* ASSIGNMENT
Extract, in full, the lines below, beginning at the first and ending with the line that contains "Considering the combined". Pictures do not belong in the copy.

[Data entries]
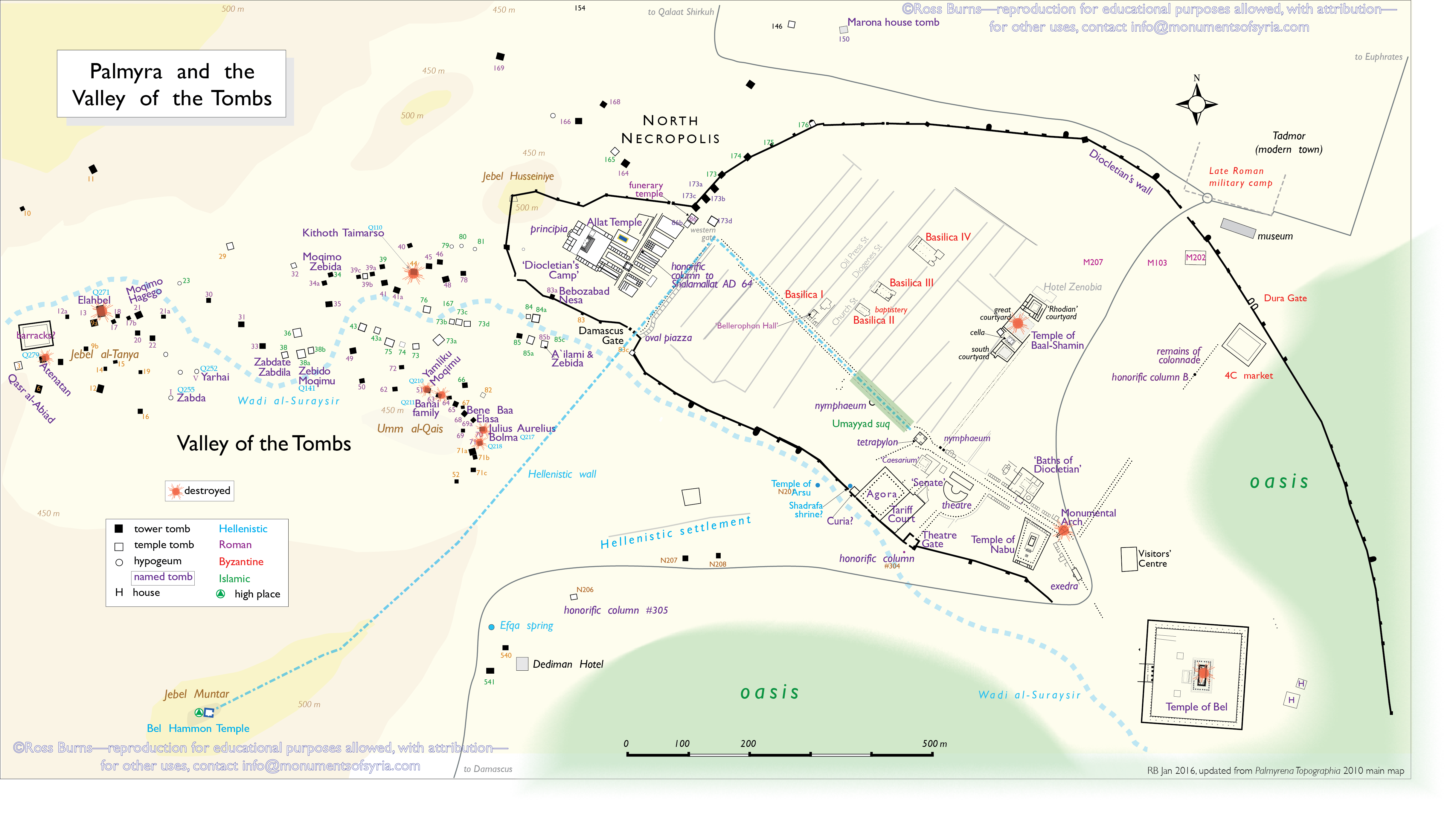 Revised plan of the complete ruins of Palmyra including the ‘Valley of the Tombs’.
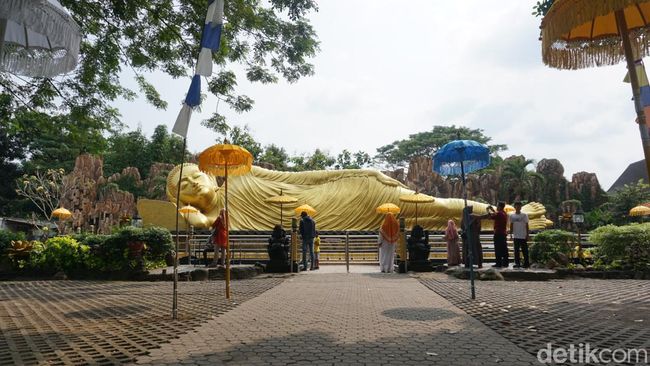 Patung Buddha tidur terbesar di Indonesia selalu ramai pengunjung setiap akhir pekan. Patung ini berada di Kabupaten Mojokerto.
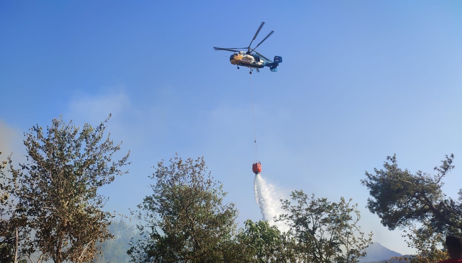 Ekiplerin yangına havadan ve karadan müdahalesi sürüyor.
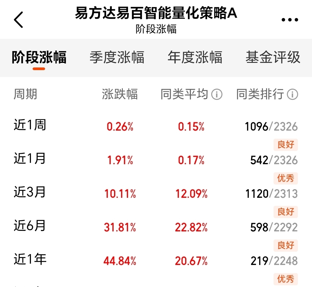 $易方达易百智能量化策略A$ 长期跑赢大盘,牛市更能放大收益。在当前行情中,其高频调仓优势尽显,无惧轮动持续跑赢市场。
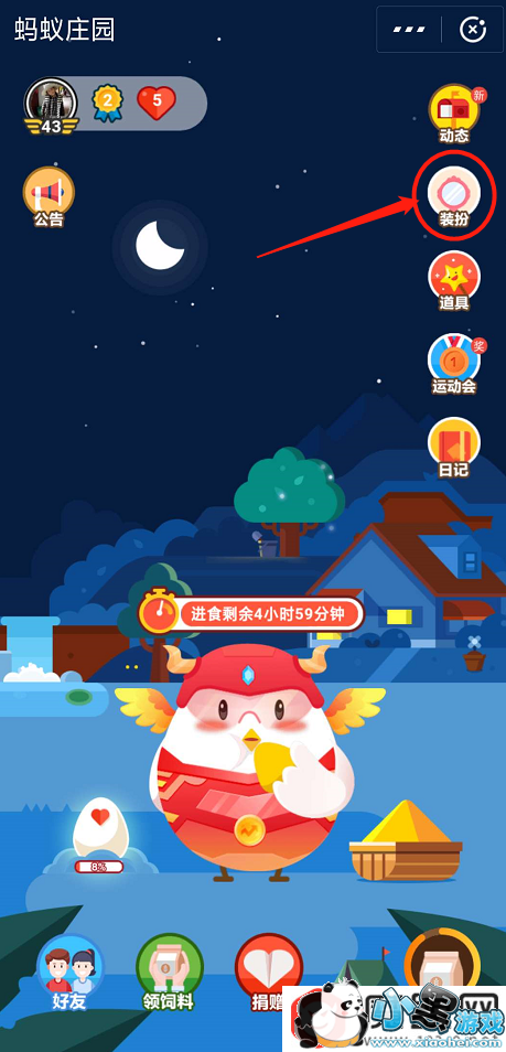 首先我们打开自己的蚂蚁庄园,然后点击右上角的装扮,如图所示
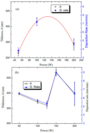 Considering the combined effect of P and TiO2 sputtering, the thickness decreased from 400 to 300 nm as P increased from 50 to 125 W. With further increasing P to 150 W promotes a sudden increase in h, but a new fall trend appears for the highest P level regime (>150 W) (Figure 2b). Since deposition time, t, was kept constant (60 min) in all the experiments, deposition rate (h/t) followed the same trend of thickness, ranging from 5.34 to 8.97 nm/min for a film deposition with TiO2 powder.
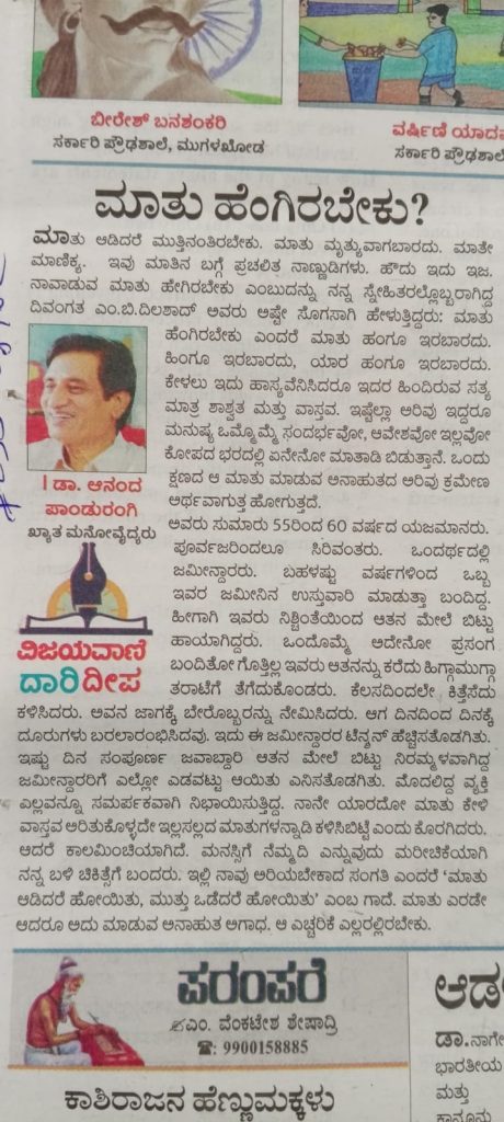 ಮಾತು ಆಡಿದರೆ ಮುತ್ತಿನಂತಿರಬೇಕು. ಮಾತು ಮೃತ್ಯುವಾಗಬಾರದು. ಮಾತೇ ಮಾಣಿಕ್ಯ. ಇವು ಮಾತಿನ ಬಗ್ಗೆ ಪ್ರಚಲಿತ ನಾಣ್ಣುಡಿಗಳು. ಹೌದು ಇದು ಇಜ. ನಾವಾಡುವ ಮಾತು ಹೇಗಿರಬೇಕು ಎಂಬುದನ್ನು ನನ್ನ ಸ್ನೇಹಿತರಲ್ಲೊಬ್ಬರಾಗಿದ್ದ ದಿವಂಗತ ಎಂ.ಬಿ.ದಿಲಶಾದ್ ಅವರು ಅಷ್ಟೇ ಸೊಗಸಾಗಿ ಹೇಳುತ್ತಿದ್ದರು: ಮಾತು ಹೆಂಗಿರಬೇಕು ಎಂದರೆ ಮಾತು ಹಂಗೂ ಇರಬಾರದು. ಹಿಂಗೂ ಇರಬಾರದು, ಯಾರ ಹಂಗೂ ಇರಬಾರದು. ಕೇಳಲು ಇದು ಹಾಸ್ಯವೆನಿಸಿದರೂ ಇದರ ಹಿಂದಿರುವ ಸತ್ಯ ಮಾತ್ರ ಶಾಶ್ವತ ಮತ್ತು ವಾಸ್ತವ. ಇಷ್ಟೆಲ್ಲಾ ಅರಿವು ಇದ್ದರೂ ಮನುಷ್ಯ ಒಮ್ಮೊಮ್ಮೆ ಸಂದರ್ಭವೋ, ಆವೇಶವೋ ಇಲ್ಲವೋ ಕೋಪದ ಭರದಲ್ಲಿ ಏನೇನೋ ಮಾತಾಡಿ ಬಿಡುತ್ತಾನೆ. ಒಂದು ಕ್ಷಣದ ಆ ಮಾತು ಮಾಡುವ ಅನಾಹುತದ ಅರಿವು ಕ್ರಮೇಣ ಅರ್ಥವಾಗುತ್ತ ಹೋಗುತ್ತದೆ.ಅವರು ಸುಮಾರು 55ರಿಂದ 60 ವರ್ಷದ ಯಜಮಾನರು. ಪೂರ್ವಜರಿಂದಲೂ ಸಿರಿವಂತರು. ಒಂದರ್ಥದಲ್ಲಿ ಜಮೀನ್ದಾರರು. ಬಹಳಷ್ಟು ವರ್ಷಗಳಿಂದ ಇವರ ಜಮೀನಿನ ಉಸ್ತುವಾರಿ ಮಾಡುತ್ತಾ ಬಂದಿದ್ದ. ಹೀಗಾಗಿ ಇವರು ನಿಶ್ಚಿಂತೆಯಿಂದ ಆತನ ಮೇಲೆ ಬಿಟ್ಟುಹಾಯಾಗಿದ್ದರು. ಒಂದೊಮ್ಮೆ ಅದೇನೋ ಪ್ರಸಂಗಬಂದಿತೋ ಗೊತ್ತಿಲ್ಲ ಇವರು ಆತನನ್ನು ಕರೆದು ಹಿಗ್ಗಾಮುಗ್ಗಾ ತರಾಟೆಗೆ ತೆಗೆದುಕೊಂಡರು. ಕೆಲಸದಿಂದಲೇ ಕಿತ್ತೆಸೆದು ಕಳಿಸಿದರು. ಅವನ ಜಾಗಕ್ಕೆ ಬೇರೊಬ್ಬರನ್ನು ನೇಮಿಸಿದರು. ಆಗ ದಿನದಿಂದ ದಿನಕ್ಕೆ ದೂರುಗಳು ಬರಲಾರಂಭಿಸಿದವು. ಇದು ಈ ಜಮೀನ್ದಾರರ ಟೆನ್ನನ್ ಹೆಚ್ಚಿಸತೊಡಗಿತು. ಇಷ್ಟು ದಿನ ಸಂಪೂರ್ಣ ಜವಾಬ್ದಾರಿ ಆತನ ಮೇಲೆ ಬಿಟ್ಟು ನಿರಮ್ಮಳವಾಗಿದ್ದ ಜಮೀನ್ದಾರರಿಗೆ ಎಲ್ಲೋ ಎಡವಟ್ಟು ಆಯಿತು ಎನಿಸತೊಡಗಿತು. ಮೊದಲಿದ್ದ ವ್ಯಕ್ತಿ ಎಲ್ಲವನ್ನೂ ಸಮರ್ಪಕವಾಗಿ ನಿಭಾಯಿಸುತ್ತಿದ್ದ. ನಾನೇ ಯಾರದೋ ಮಾತು ಕೇಳಿ ವಾಸ್ತವ ಅರಿತುಕೊಳ್ಳದೇ ಇಲ್ಲಸಲ್ಲದ ಮಾತುಗಳನ್ನಾಡಿ ಕಳಿಸಿಬಿಟ್ಟೆ ಎಂದು ಕೊರಗಿದರು. ಆದರೆ ಕಾಲಮಿಂಚಿಯಾಗಿದೆ. ಮನಸ್ಸಿಗೆ ನೆಮ್ಮದಿ ಎನ್ನುವುದು ಮರೀಚಿಕೆಯಾಗಿ ನನ್ನ ಬಳಿ ಚಿಕಿತ್ಸೆಗೆ ಬಂದರು. ಇಲ್ಲಿ ನಾವು ಅರಿಯಬೇಕಾದ ಸಂಗತಿ ಎಂದರೆ ‘ಮಾತು ಆಡಿದರೆ ಹೋಯಿತು, ಮುತ್ತು ಒಡೆದರೆ ಹೋಯಿತು’ ಎಂಬ ಗಾದೆ. ಮಾತು ಎರಡೇ ಆದರೂ ಅದು ಮಾಡುವ ಅನಾಹುತ ಅಗಾಧ. ಆ ಎಚ್ಚರಿಕೆ ಎಲ್ಲರಲ್ಲಿರಬೇಕು.

* REPLY TO THE EXERCISE
 Revised plan of the complete ruins of Palmyra including the ‘Valley of the Tombs’.
 Patung Buddha tidur terbesar di Indonesia selalu ramai pengunjung setiap akhir pekan. Patung ini berada di Kabupaten Mojokerto.
 Ekiplerin yangına havadan ve karadan müdahalesi sürüyor.
 $易方达易百智能量化策略A$ 长期跑赢大盘,牛市更能放大收益。在当前行情中,其高频调仓优势尽显,无惧轮动持续跑赢市场。
 首先我们打开自己的蚂蚁庄园,然后点击右上角的装扮,如图所示
 Considering the combined effect of P and TiO2 sputtering, the thickness decreased from 400 to 300 nm as P increased from 50 to 125 W. With further increasing P to 150 W promotes a sudden increase in h, but a new fall trend appears for the highest P level regime (>150 W) (Figure 2b). Since deposition time, t, was kept constant (60 min) in all the experiments, deposition rate (h/t) followed the same trend of thickness, ranging from 5.34 to 8.97 nm/min for a film deposition with TiO2 powder.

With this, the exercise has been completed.